Teilweise übertrugen sich Emotionen durch Julias wortgewaltige Sprache auf mich, sodass ich mit ihr wütend, traurig und enttäuscht war, aber auch wieder Hoffnung schöpfte. Ich gewann gemeinsam mit ihr Klarheit und Willensstärke. Ich konnte mich gut in sie hineinversetzen, auch, wenn ich nicht über die genauen Hintergründe der angedeuteten Inhalte bescheid wusste.

„Schluss mit dem Elend, der Haufen kommt weg. […] ist das Ende vom Ende auch immer ein Start. Ab jetzt geht’s bergauf. Weiter geht’s nicht bergab.“

Besonders gelungen fand ich, dass manche Passagen refrainartig wiederholt wurden, und zum Teil einen Rahmen bildeten, indem Julia sie am Anfang sowie am Ende erwähnte. Schmunzeln, aber auch grübeln musste ich vor allem während des 7. Titels Neue Bestandsaufahme, in der Julia darüber berichtete, was sie nicht kann, darüber was sie kann, und darüber was sie kann, aber nicht will. Einerseits wurde deutlich, dass es einiges gibt, was sie nicht kann. Trotzdem wirkte dies auf mich persönlich nicht ausschließlich negativ (keinen Ball fangen können), sondern auch positiv und ressourcenstark (nicht verbergen können, was man denkt; nicht verstehen können, warum jemand gemein ist oder angibt; Lügen nicht ertragen können). Julia reflektierte sich selbst, mit Blick auf die Vergangenheit und Auswirkungen auf die Zukunft. Dies wirkte melancholisch und träumerisch, teilweise auch sehnsüchtig. Sie war schonungslos ehrlich, wodurch eine angenehme Atmosphäre entstand, die dafür sorgte, dass ich das Gefühl hatte, mit einer Freundin zusammenzusitzen, die über sich und das Leben philosophierte.
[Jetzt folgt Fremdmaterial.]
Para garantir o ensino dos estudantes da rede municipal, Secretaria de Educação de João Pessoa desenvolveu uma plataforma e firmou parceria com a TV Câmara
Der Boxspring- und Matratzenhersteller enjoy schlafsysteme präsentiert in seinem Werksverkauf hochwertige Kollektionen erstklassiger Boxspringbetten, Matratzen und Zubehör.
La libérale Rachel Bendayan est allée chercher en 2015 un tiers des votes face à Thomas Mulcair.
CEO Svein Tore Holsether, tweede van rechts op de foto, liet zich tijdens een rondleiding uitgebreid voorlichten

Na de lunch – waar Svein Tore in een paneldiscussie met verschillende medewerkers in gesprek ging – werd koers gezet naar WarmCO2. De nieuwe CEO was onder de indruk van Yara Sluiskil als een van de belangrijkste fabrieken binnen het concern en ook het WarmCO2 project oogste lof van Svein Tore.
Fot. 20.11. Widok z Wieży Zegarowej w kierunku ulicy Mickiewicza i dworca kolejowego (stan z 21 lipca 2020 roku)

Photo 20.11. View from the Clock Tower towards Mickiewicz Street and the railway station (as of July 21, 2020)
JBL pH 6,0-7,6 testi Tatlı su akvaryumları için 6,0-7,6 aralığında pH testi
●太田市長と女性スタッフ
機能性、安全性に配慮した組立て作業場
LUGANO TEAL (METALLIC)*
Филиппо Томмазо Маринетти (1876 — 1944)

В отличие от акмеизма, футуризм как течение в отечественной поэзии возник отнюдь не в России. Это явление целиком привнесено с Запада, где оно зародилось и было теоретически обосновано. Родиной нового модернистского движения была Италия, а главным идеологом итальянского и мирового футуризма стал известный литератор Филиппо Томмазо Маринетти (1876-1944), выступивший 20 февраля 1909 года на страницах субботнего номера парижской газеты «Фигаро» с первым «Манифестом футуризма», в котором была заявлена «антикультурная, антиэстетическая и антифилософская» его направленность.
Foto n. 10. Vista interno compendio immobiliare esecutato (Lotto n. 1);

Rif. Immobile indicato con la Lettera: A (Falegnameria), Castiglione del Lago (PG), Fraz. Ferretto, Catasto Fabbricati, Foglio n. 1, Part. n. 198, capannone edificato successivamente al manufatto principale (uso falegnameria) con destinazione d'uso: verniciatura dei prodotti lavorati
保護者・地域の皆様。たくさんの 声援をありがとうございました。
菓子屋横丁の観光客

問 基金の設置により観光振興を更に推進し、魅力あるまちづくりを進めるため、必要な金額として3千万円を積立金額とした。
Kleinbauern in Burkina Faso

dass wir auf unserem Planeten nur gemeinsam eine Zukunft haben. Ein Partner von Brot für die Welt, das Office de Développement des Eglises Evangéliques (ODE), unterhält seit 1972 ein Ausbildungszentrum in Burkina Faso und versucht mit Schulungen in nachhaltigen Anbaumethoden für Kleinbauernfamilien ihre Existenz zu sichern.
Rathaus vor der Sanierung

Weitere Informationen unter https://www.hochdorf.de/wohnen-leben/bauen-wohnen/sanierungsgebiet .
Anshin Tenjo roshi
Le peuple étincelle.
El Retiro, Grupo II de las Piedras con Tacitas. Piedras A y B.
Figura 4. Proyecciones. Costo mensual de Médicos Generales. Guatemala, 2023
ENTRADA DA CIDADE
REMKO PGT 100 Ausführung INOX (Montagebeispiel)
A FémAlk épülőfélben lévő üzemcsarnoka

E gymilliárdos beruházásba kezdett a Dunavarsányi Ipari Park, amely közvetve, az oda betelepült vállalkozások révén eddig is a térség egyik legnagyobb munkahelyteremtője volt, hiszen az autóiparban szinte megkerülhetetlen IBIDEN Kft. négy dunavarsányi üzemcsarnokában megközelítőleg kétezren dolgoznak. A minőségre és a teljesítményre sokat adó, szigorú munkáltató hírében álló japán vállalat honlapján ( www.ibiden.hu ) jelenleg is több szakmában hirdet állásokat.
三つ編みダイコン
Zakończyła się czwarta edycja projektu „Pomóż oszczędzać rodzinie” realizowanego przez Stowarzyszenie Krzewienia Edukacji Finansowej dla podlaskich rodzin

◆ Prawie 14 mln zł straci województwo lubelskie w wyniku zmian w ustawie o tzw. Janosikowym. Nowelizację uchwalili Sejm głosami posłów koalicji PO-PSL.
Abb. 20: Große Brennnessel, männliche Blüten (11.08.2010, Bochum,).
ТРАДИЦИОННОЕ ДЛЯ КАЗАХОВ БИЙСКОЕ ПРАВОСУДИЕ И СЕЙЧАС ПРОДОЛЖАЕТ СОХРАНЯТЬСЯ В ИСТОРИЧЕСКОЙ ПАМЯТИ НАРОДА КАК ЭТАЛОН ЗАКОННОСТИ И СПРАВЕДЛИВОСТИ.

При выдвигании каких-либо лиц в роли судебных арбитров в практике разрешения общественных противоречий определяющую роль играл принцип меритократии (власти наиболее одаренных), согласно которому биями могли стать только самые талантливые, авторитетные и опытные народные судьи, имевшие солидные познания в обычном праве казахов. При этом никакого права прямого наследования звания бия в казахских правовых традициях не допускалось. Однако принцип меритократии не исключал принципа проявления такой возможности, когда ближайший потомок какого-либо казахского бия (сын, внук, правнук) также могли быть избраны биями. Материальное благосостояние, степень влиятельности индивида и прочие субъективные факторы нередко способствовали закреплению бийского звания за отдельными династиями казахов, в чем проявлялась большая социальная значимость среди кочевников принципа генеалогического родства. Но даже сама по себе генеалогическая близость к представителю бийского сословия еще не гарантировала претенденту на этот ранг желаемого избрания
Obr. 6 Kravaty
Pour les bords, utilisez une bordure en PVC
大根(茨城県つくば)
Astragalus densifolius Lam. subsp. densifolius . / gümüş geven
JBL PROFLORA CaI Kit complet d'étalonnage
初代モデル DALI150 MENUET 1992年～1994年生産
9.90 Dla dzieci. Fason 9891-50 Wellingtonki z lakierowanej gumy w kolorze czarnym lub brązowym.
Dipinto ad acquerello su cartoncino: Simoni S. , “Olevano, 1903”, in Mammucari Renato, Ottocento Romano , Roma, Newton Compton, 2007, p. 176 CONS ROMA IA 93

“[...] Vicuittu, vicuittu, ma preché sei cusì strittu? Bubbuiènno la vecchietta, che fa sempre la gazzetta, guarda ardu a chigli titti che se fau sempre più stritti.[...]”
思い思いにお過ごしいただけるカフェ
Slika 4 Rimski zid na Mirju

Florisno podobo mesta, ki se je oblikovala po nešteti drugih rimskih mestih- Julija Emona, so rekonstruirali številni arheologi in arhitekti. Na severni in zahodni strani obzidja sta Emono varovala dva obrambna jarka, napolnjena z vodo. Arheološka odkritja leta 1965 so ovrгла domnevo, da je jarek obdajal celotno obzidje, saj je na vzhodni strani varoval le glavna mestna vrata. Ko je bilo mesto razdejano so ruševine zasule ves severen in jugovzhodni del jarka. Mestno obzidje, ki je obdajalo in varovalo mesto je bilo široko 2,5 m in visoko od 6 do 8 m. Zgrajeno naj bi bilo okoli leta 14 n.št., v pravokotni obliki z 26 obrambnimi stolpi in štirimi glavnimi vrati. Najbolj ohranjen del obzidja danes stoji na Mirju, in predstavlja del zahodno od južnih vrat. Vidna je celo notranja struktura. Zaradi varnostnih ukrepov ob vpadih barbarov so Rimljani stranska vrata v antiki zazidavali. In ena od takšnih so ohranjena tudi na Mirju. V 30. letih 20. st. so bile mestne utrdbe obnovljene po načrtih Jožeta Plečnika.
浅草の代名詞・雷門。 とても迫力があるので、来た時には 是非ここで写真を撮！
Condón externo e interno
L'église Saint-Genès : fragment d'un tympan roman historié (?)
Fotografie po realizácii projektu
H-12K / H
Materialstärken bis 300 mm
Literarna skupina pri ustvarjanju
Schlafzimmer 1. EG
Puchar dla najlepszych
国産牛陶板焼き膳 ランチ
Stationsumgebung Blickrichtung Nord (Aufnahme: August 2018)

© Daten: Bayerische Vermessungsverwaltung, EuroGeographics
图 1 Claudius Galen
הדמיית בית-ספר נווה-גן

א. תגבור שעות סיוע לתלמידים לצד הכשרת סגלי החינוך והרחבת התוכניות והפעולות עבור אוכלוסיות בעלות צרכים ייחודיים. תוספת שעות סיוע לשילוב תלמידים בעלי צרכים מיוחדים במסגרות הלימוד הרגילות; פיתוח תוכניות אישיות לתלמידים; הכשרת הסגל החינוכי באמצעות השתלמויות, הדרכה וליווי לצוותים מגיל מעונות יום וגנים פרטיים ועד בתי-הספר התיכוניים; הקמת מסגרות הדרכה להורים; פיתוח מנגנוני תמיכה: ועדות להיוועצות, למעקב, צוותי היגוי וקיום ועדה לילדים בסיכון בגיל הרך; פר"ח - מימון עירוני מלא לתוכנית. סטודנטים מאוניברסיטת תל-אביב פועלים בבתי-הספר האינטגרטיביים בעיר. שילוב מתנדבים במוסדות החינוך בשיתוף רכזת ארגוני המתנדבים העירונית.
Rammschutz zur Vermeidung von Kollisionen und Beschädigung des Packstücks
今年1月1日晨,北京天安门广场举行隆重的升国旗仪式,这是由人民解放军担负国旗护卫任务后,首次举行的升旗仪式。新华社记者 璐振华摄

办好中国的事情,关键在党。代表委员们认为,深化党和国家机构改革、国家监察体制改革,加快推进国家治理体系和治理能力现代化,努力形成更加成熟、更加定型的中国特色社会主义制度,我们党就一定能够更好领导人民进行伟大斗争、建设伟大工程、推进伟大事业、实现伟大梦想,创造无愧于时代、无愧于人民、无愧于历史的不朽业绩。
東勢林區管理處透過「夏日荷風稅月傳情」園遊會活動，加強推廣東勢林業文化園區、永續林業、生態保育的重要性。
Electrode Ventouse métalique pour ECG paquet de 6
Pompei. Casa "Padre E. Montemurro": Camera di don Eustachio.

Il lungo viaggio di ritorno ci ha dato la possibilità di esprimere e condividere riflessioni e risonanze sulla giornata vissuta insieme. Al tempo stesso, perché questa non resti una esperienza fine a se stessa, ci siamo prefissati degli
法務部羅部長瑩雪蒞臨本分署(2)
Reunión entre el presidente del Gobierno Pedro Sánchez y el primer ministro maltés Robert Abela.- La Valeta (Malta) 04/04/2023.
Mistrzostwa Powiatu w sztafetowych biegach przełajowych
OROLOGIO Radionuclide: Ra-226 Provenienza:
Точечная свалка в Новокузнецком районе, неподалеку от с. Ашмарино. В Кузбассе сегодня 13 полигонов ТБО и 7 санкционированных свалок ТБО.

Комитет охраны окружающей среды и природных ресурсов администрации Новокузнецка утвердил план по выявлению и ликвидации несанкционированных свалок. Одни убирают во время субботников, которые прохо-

Gedanklich habe ich ziemlich oft geantwortet und zugestimmt.

 „Mir reicht kein kleines Müsli, davon werde ich nicht satt.
Manchmal wäre ich gerne schöner, aber das hat keinen Zweck.
Ich bin kein Modelmädchen, ich bin anders, unperfekt.“
Der Titel Familie hat mich mit den mir zwar fremden, aber trotzdem schönen Insidern und den hervorragend rübergebrachten Emotionen sehr beeindruckt und gerührt. Ich denke, fast jeder kann nachvollziehen, was das System Familie bedeutet oder bedeuten könnte und fühlt sich dadurch „heimisch“ beim Hören des Titels. Auch löste es ein Gefühl der Geborgenheit aus sowie die Intention, engen Familienmitgliedern eine nette Nachricht zu schicken, um ihnen ebenfalls zu sagen:
 „Hab ich euch heute schon gesagt wie gerne ich euch mag?
Ihr seid der Freundeskreis, den ich am allerlängsten hab.
Ihr seid mein Zuhause, ihr seid meine große Liebe […].“
Ich könnte ewig so weitermachen und beschreiben, was die einzelnen Titel in mir ausgelöst haben. Jedoch möchte ich natürlich nicht zuviel vorweg nehmen.
Lasst ihre Texte lieber selber auf euch wirken! Es lohnt sich…
Auch Wir können alles sein, Baby hat mich gänzlich überzeugt. Es war ein Genuss und eine Freude, Julia beim Vorlesen ihrer Texte zu lauschen und mit ihr auf die Reise zu gehen. Eine Reise durch Bereiche des Lebens mit vielen, verschiedenen Facetten und Aspekten. Emotional, wortgewaltig, schonungslos ehrlich.

Auch hier eine klare Hörempfehlung meinerseits!

Vielen Dank an Randomhouse für das Hörbuch-Rezensionsexemplar.

Hier geht’s zum Hörbuch.
Hier geht‘ zu Julias Facebookseite.

Zum Autor

Julia Engelmann wurde 1992 geboren und wuchs in Bremen auf. Seit einigen Jahren nimmt sie regelmäßig an Poetry Slams teil. Ein Video ihres Vortrags »One Day« beim Bielefelder Hörsaal-Slam wurde zum Überraschungshit im Netz und bisher millionenfach geklickt, geliked und geteilt. Neben dem Slammen gilt ihre Leidenschaft der Musik und der Schauspielerei. So spielte sie von 2010 bis 2012 in der Fernsehserie »Alles was zählt« mit. Zudem begleitete sie Anfang 2014 Tim Bendzko auf seiner Deutschland-Tournee.